Yuan-Yi Guo1, Jiang-Yue Zhao2, Han-Rong Li2, Zhuo Guo2, Hao-Yue Shen2

Abstract

Introduction. Diabetic cataract (DC) is a common ocular complication of diabetes. Mitofusin 2 (MFN2), a mitochondrial fusion protein, is involved in the pathogenesis of cataract and diabetic complications. However, its role and molecular mechanisms in DC remain unclear.

Materials and methods. DC models in rats were induced by intraperitoneal injection of streptozocin (STZ) for 12 weeks. We measured the body weight of rats, blood glucose concentrations, sorbitol dehydrogenase (SDH) activity and advanced glycation end products (AGE) content in the lenses of rats. MFN2 mRNA and protein expression levels in the lenses were detected by RT-qPCR and western blot assays. In vitro, human lens epithelial (HLE) B3 cells were treated for 48 h with 25 mM glucose (high glucose, HG) to induce cell damage. To determine the role of MFN2 in HG-induced cell damage, HLE-B3 cells were transfected with lentivirus loaded with MFN2 overexpression plasmid or short hairpin RNA (shRNA) to overexpress or knock down MFN2 expression, followed by HG exposure. Cell viability was assessed by CCK-8 assay. Flow cytometry was used to detect cell apoptosis and reactive oxygen species (ROS) level. JC-1 staining showed the changes in mitochondrial membrane potential (Δψm). The mediators related to apoptosis, mitochondrial damage, and autophagy were determined.

Results. STZ-administrated rats showed reduced body weight, increased blood glucose levels, elevated SDH activity and AGE content, suggesting successful establishment of the DC rat model. Interestingly, MFN2 expression was significantly downregulated in DC rat lens and HG-induced HLE-B3 cells. Further analysis showed that under HG conditions, MFN2 overexpression enhanced cell viability and inhibited apoptosis accompanied by decreased Bax, cleaved caspase-9 and increased Bcl-2 expression in HLE-B3 cells.
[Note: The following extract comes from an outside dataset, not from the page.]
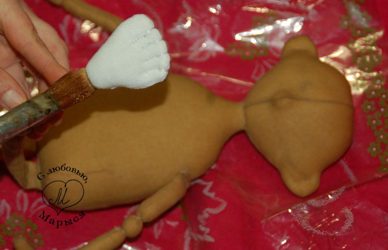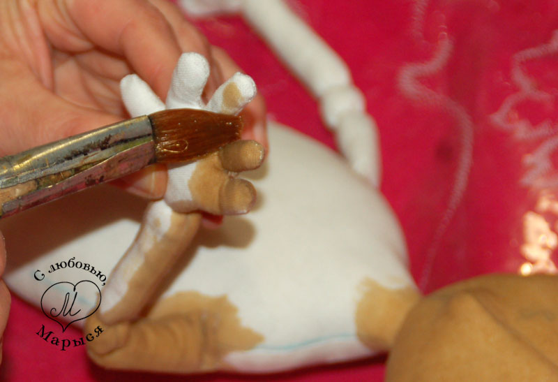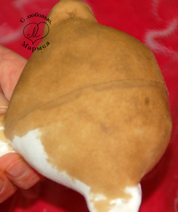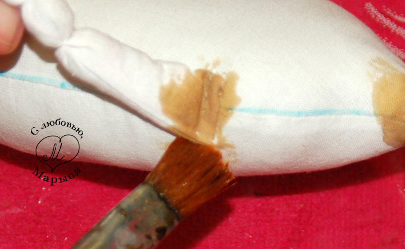 Ещё один маленький секрет. Положите куклу сначала лицом вверх, потому, что вероятность образования пятен тем выше, чем влажнее поверхность тела куколки, а пятна на затылке и спинке легче замаскировать.

MFN2 overexpression also suppressed the mitochondrial damage elicited by HG as manifested by reduced ROS production, recovered Δψm and increased mitochondrial cytochrome c (Cyto c) level. Moreover, MFN2 overexpression increased LC3BⅡ/LC3BⅠ ratio and Beclin-1 expression, but decreased p62 level, and blocked the phosphorylation of mTOR in HG-treated HLE-B3 cells. In contrast, MFN2 silencing exerted opposite effects.

Conclusions. Our findings indicate that MFN2 expression may be essential for preventing lens epithelial cell apoptosis during development of diabetic cataract.